━━━ Exercise input ━━━

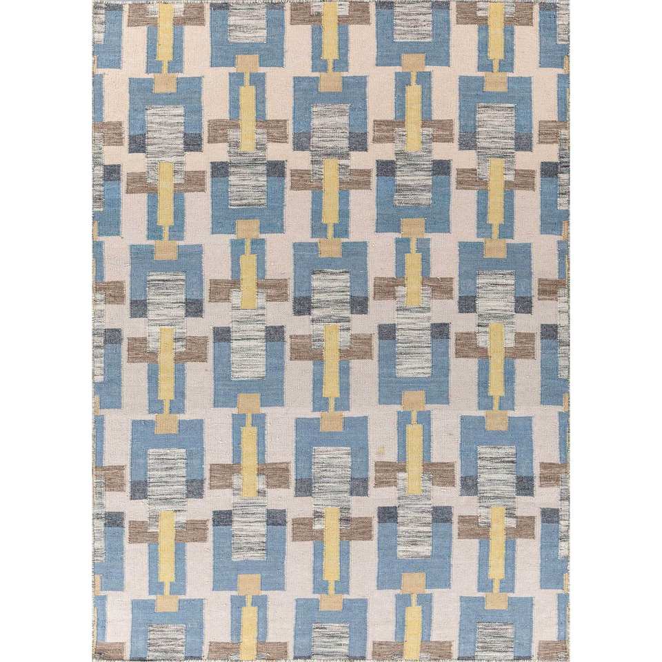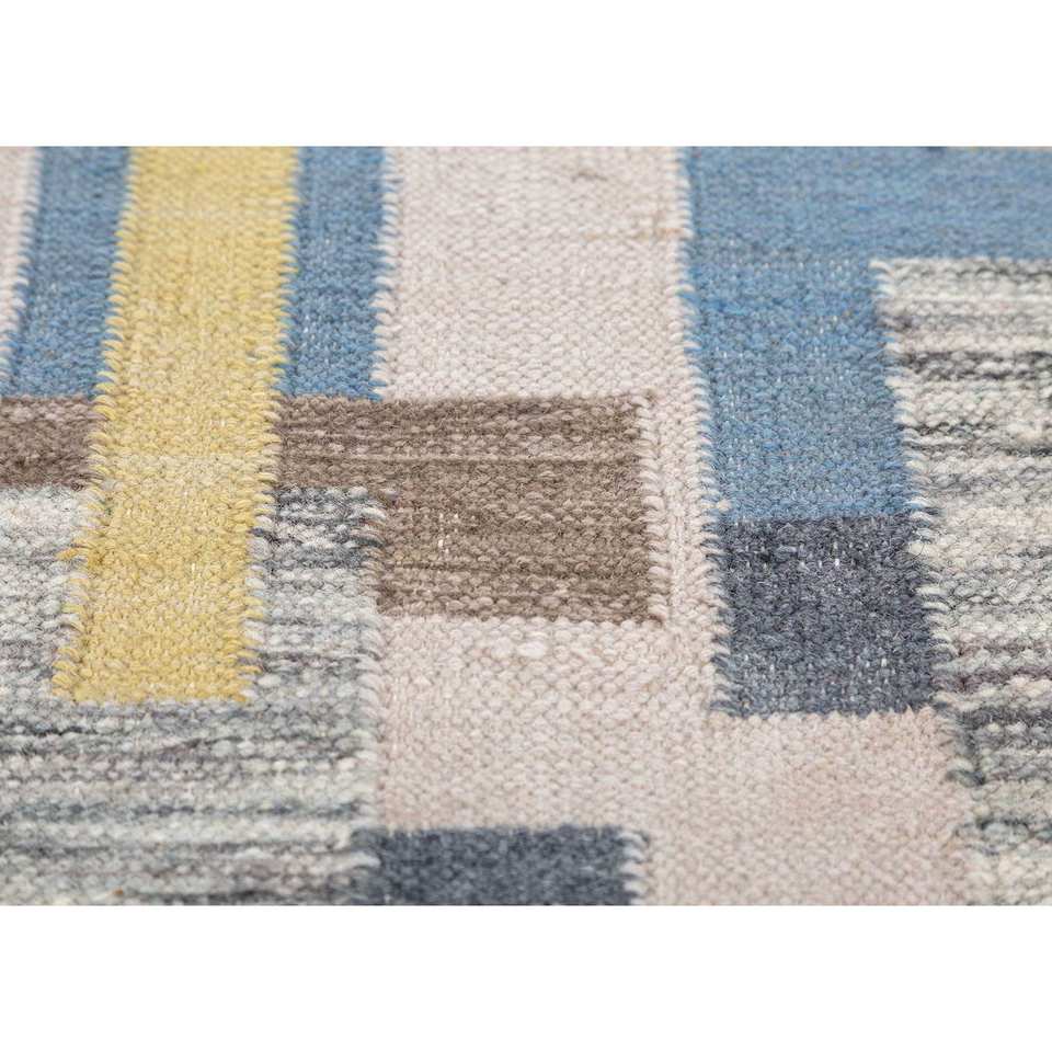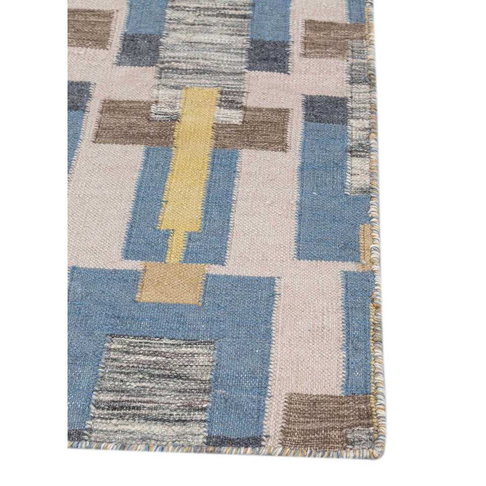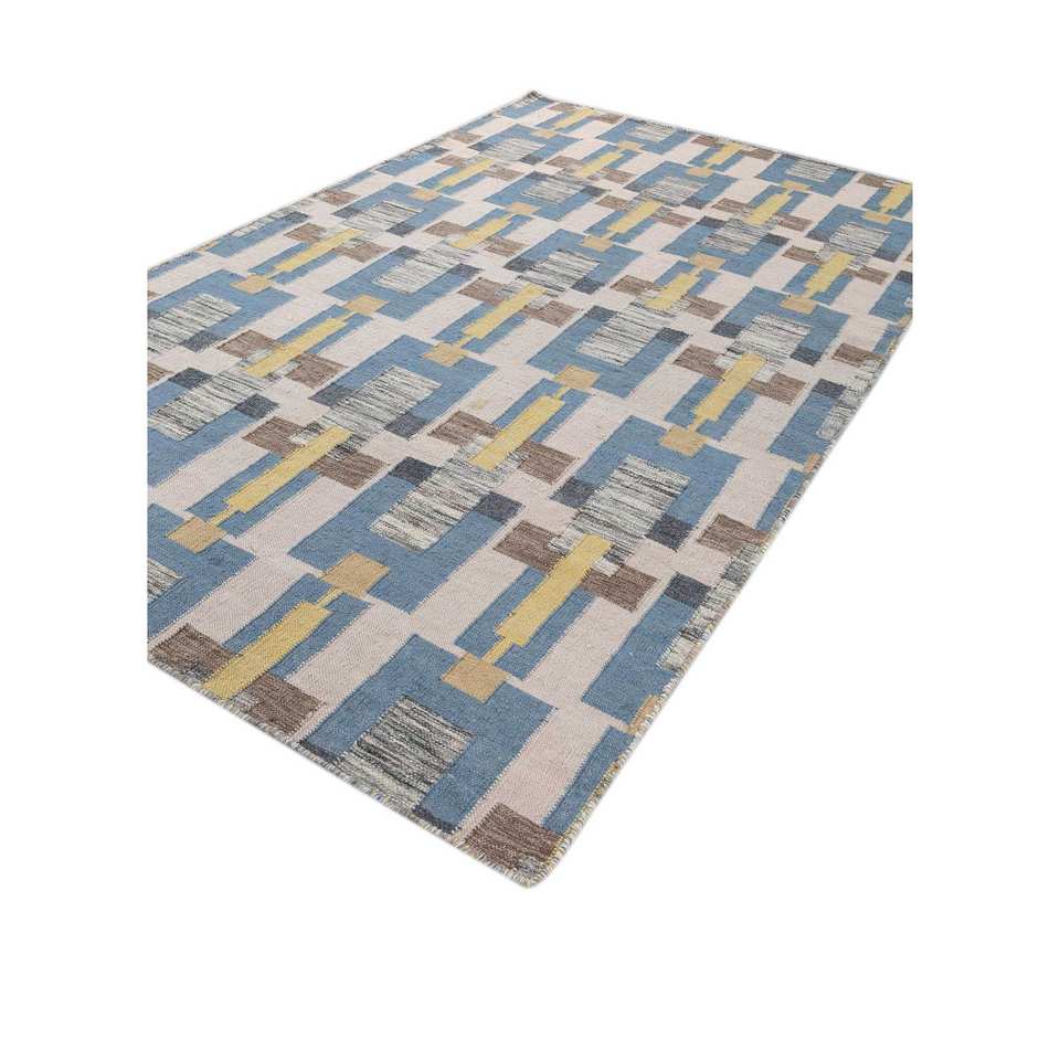 พรมขนสัตว์ทำมือลายตารางสีน้ำเงิน ทอลายเรียบ รูปแบบเรขาคณิต สำหรับตกแต่งบ้าน ห้องนั่งเล่น ADWL-13133 สำหรับวัยรุ่น
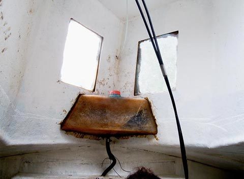 Hai cửa sổ nhỏ trong buồng lái của một chiếc tàu bán ngầm (không lặn được hoàn toàn dưới nước) từng bị thu giữ trước đây cho phép các thành viên thủy thủ đoàn quan sát sát chướng ngại vật cũng như sự xuất hiện của các nhà chức trách (ảnh trên). Chiếc tàu ngầm này hiện đang được cho neo đậu trên mặt nước ở trạm bảo vệ bờ biển Tumaco của Colombia.
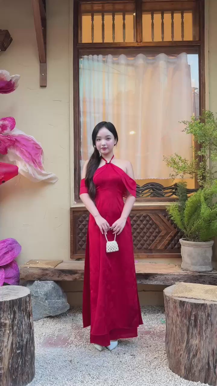 Linh Vy - Hush Red Halter Off Shoulder Wing Sleeve Ao Dai Top Only, No Pants
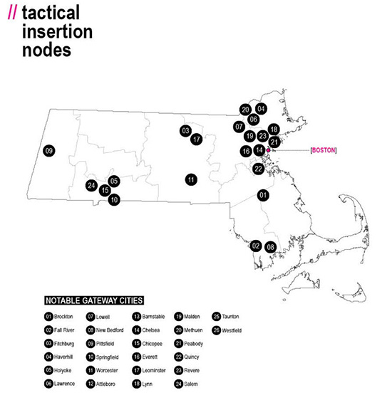 Mapping suggesting the scalability of the project through the tactical insertion nodes across the gateway cities of Massachusetts
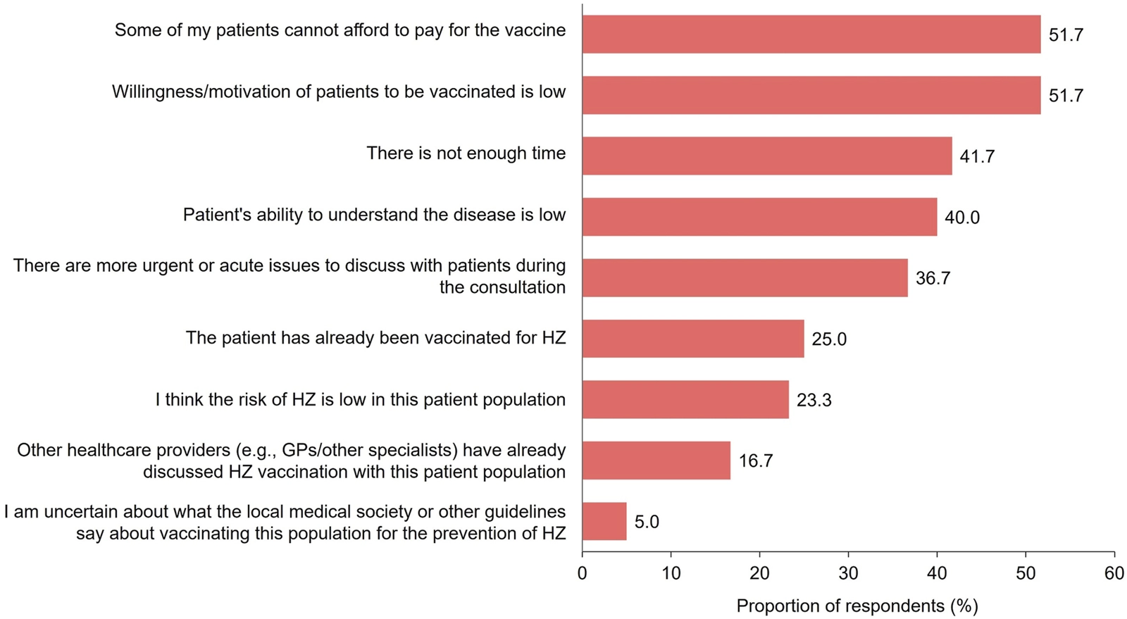 Physicians demonstrated ample knowledge of HZ, its symptoms and long-term complications, the at-risk population, and its risk of recurrence. They could also assess different HZ vaccines by factors including their nature, contraindications, side effects, and costs. Physicians reportedly prioritized vaccination for diseases with greater prevalence and perceived severity (e.g., pneumococcal disease, influenza), as well as on patient’s request. Concerns regarding out-of-pocket vaccine expense for patients and perceived hesitancy/unwillingness among patients to get vaccinated were additional barriers to their active recommendation of HZ vaccination. They acknowledged the need for government support, through official government information and subsidies, for clinical decision-making regarding HZ.
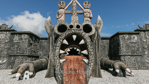 Да это же храм Сатаны! - писали мне мои читатели, первыми увидевшие у меня видео из этого необычного места, а в частности - огромную скульптуру с широко раскрытым ртом, демонстрирующим несколько рядов зубов. Что же это за зверь такой? Давайте разбираться. По замыслу автора, известного французского скульптора и художника Робера Татана, дракон (а это именно он) не несет за собой никакого демонического аспекта, а является стражем и хранителем знаний, охраняющим вход в главное творение артиста - Сад Медитаций...
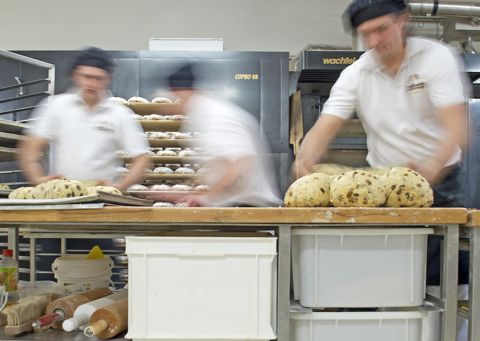 Workers form dough for the Christmas cake Original Dresdner Christstollen (Dresden Stollen) in the Morenz bakery in Dresden, eastern Germany, Thursday, Nov. 21, 2013. The stollen cakes contain dried fruit and are covered with sugar, usually eaten during the Christmas season. The Morenz bakery belongs to the German Association for the Protection of the Dresden Christmas Stollen which allows bakeries to produce and sell this cakes worldwide under the registered trademark"Echter Dresdner Christstollen". (AP Photo/Jens Meyer)
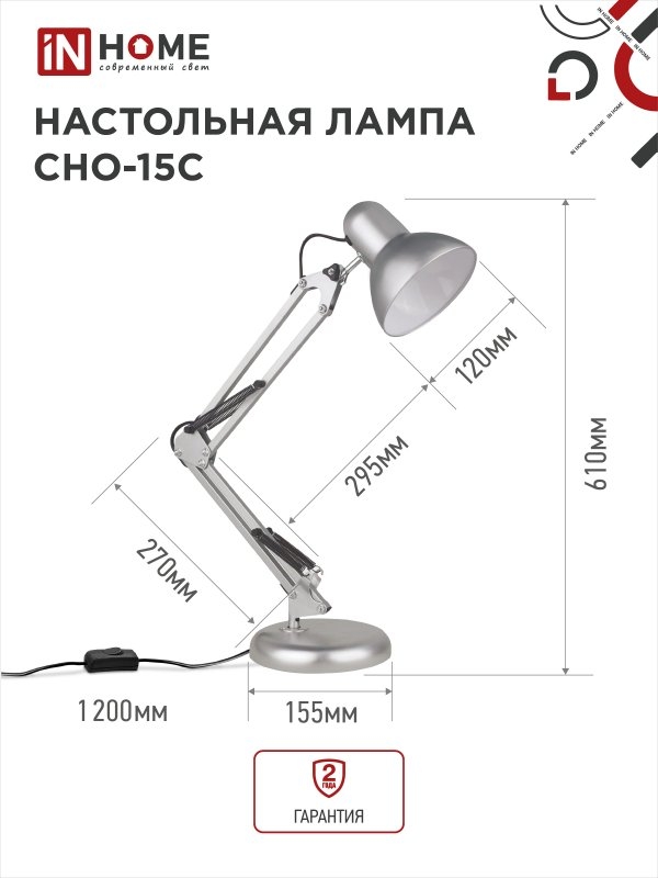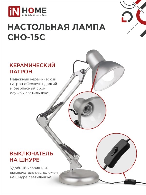 Светильник IN HOME CHO-15C на основании 60Вт, Е27, серебро

━━━

§ Description of the task: Copy out, with no pictures, the lines from the one containing "Workers form dough" through the last line of the data above, both ends included and each word unchanged.

§ Answer space:
 Workers form dough for the Christmas cake Original Dresdner Christstollen (Dresden Stollen) in the Morenz bakery in Dresden, eastern Germany, Thursday, Nov. 21, 2013. The stollen cakes contain dried fruit and are covered with sugar, usually eaten during the Christmas season. The Morenz bakery belongs to the German Association for the Protection of the Dresden Christmas Stollen which allows bakeries to produce and sell this cakes worldwide under the registered trademark"Echter Dresdner Christstollen". (AP Photo/Jens Meyer)
 Светильник IN HOME CHO-15C на основании 60Вт, Е27, серебро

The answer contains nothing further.